■ Activity ■
When you find the line with "Deze 3-delige Skandia" among the records below, reproduce it and each line after it exactly, ending with the line with "After stashing my".

::: Available data :::

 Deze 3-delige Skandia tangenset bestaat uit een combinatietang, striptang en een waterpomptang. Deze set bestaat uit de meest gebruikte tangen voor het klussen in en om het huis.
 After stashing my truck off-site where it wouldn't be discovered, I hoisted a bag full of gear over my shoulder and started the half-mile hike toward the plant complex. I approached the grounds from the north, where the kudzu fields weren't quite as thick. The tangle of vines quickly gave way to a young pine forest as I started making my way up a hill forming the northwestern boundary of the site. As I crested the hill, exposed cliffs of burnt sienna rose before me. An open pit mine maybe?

:::
::: Available data :::

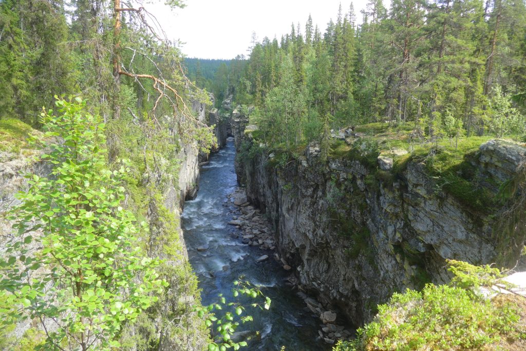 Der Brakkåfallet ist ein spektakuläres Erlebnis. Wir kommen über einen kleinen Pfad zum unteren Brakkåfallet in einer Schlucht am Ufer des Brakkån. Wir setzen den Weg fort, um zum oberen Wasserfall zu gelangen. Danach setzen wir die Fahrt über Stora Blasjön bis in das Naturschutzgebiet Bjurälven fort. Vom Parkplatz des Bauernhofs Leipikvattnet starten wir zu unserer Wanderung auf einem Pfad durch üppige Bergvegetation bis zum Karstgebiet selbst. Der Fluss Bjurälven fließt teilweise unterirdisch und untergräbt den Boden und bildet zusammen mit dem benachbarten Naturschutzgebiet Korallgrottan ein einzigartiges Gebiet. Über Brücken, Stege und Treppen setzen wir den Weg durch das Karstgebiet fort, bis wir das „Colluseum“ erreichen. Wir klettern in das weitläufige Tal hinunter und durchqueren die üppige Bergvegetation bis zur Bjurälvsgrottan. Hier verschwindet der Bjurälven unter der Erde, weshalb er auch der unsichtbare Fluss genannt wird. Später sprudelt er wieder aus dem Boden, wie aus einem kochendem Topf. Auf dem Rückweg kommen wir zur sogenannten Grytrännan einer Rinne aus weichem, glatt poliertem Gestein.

:::
::: Available data :::

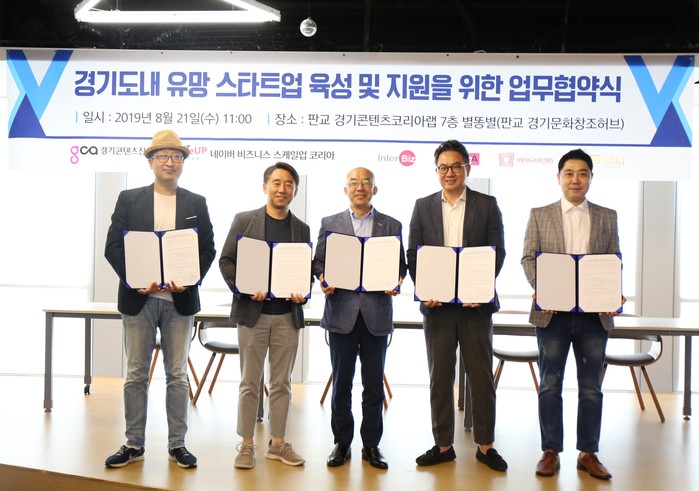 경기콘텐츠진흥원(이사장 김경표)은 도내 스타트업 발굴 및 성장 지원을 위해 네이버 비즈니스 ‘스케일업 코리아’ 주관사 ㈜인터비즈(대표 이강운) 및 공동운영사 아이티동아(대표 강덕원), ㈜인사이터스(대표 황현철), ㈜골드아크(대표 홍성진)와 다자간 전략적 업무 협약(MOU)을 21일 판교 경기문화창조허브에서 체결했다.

:::

■ Output for this exercise ■
 Deze 3-delige Skandia tangenset bestaat uit een combinatietang, striptang en een waterpomptang. Deze set bestaat uit de meest gebruikte tangen voor het klussen in en om het huis.
 After stashing my truck off-site where it wouldn't be discovered, I hoisted a bag full of gear over my shoulder and started the half-mile hike toward the plant complex. I approached the grounds from the north, where the kudzu fields weren't quite as thick. The tangle of vines quickly gave way to a young pine forest as I started making my way up a hill forming the northwestern boundary of the site. As I crested the hill, exposed cliffs of burnt sienna rose before me. An open pit mine maybe?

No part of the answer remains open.